Microscale Interrogation of 3D Tissue Mechanics

Abstract

Cells in vivo live in a complex microenvironment composed of the extracellular matrix (ECM) and other cells. Growing evidence suggests that the mechanical interaction between the cells and their microenvironment is of critical importance to their behaviors under both normal and diseased conditions, such as migration, differentiation, and proliferation. The study of tissue mechanics in the past two decades, including the assessment of both mechanical properties and mechanical stresses of the extracellular microenvironment, has greatly enriched our knowledge about how cells interact with their mechanical environment. Tissue mechanical properties are often heterogeneous and sometimes anisotropic, which makes them difficult to obtain from macroscale bulk measurements. Mechanical stresses were first measured for cells cultured on two-dimensional (2D) surfaces with well-defined mechanical properties. While 2D measurements are relatively straightforward and efficient, and they have provided us with valuable knowledge on cell-ECM interactions, that knowledge may not be directly applicable to in vivo systems. Hence, the measurement of tissue stresses in a more physiologically relevant three-dimensional (3D) environment is required. In this mini review, we will summarize and discuss recent developments in using optical, magnetic, genetic, and mechanical approaches to interrogate 3D tissue stresses and mechanical properties at the microscale.

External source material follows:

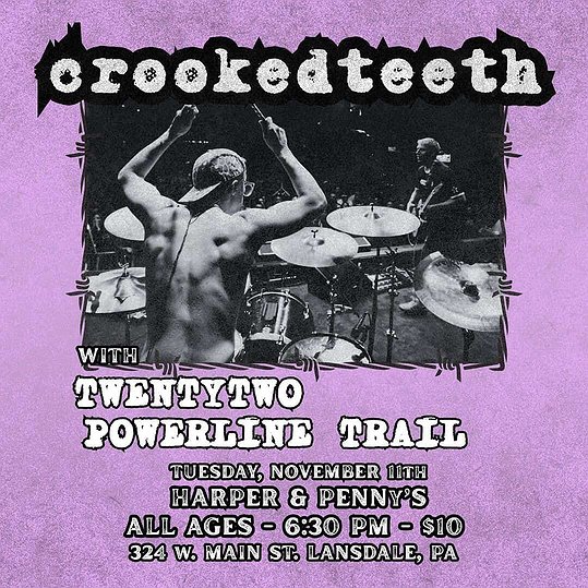 Coming all the way from California, Crooked Teeth will be playing right in the middle of the Tuesday gig. The West Coast pop-punk band is playing a few dates in support of the band Girlfriends this week and will be fitting this lovely Tuesday night in Lansdale between those shows.

Keywords: active microrheology; elasticity; extracellular matrix; stress sensor; tension sensor; traction stress.

Figure 1

Overview of technologies for probing microscale cellular and tissue mechanics. (A) Schematic of a tissue composed of different types of cells (brown, yellow, blue, green) and ECMs (pink). (B) Schematic of AFM probing of surface mechanics. (C) Schematic of optical tweezer probing of ECM mechanics. (D) Schematic of probing tissue mechanics from propagating waves within the tissue either directly by measuring wave speed through imaging or indirectly by measuring the BFS from light scattering. (E) Schematics demonstrating the measurement of released solid stresses after physical tissue incision (top-left). The deformations of the cut plane (top-right) are visualized with high-resolution ultrasonic or optical imaging, and the normal stresses perpendicular to the cut plane (σ_zz) are computed from finite element modeling (bottom). (F) Schematic of ECM deformations/displacements (green arrows) measured using embedded fluorescent beads (red dots) around a cell in 3D (blue). (G) Schematics of a cell-sized elastic bead or incompressible droplet (red) embedded within a cell cluster (top-left) and the normal stresses experienced by the bead/droplet sensor (bottom-right). (H) A representative image showing the distribution of optical retardance in an invading ex vivo breast tumor organoid as revealed by quantitative polarized microscopy, adapted from Wang et al. (2018a) with permission. Scale bar, 25 μm. (I) Schematic showing fluctuating tracers (green) in the cytoplasm (pink) or nucleus (blue) with superimposed trajectories (black), from which an MSD-lag time (τ) plot characteristic of intracellular forces can be obtained (bottom-left). (J) Schematic of FRET-based stress sensors. (K) Schematic of the FliptR membrane tension probe (blue, left) which planarizes under pressure (red, right) from the neighboring lipid chains (green/ yellow).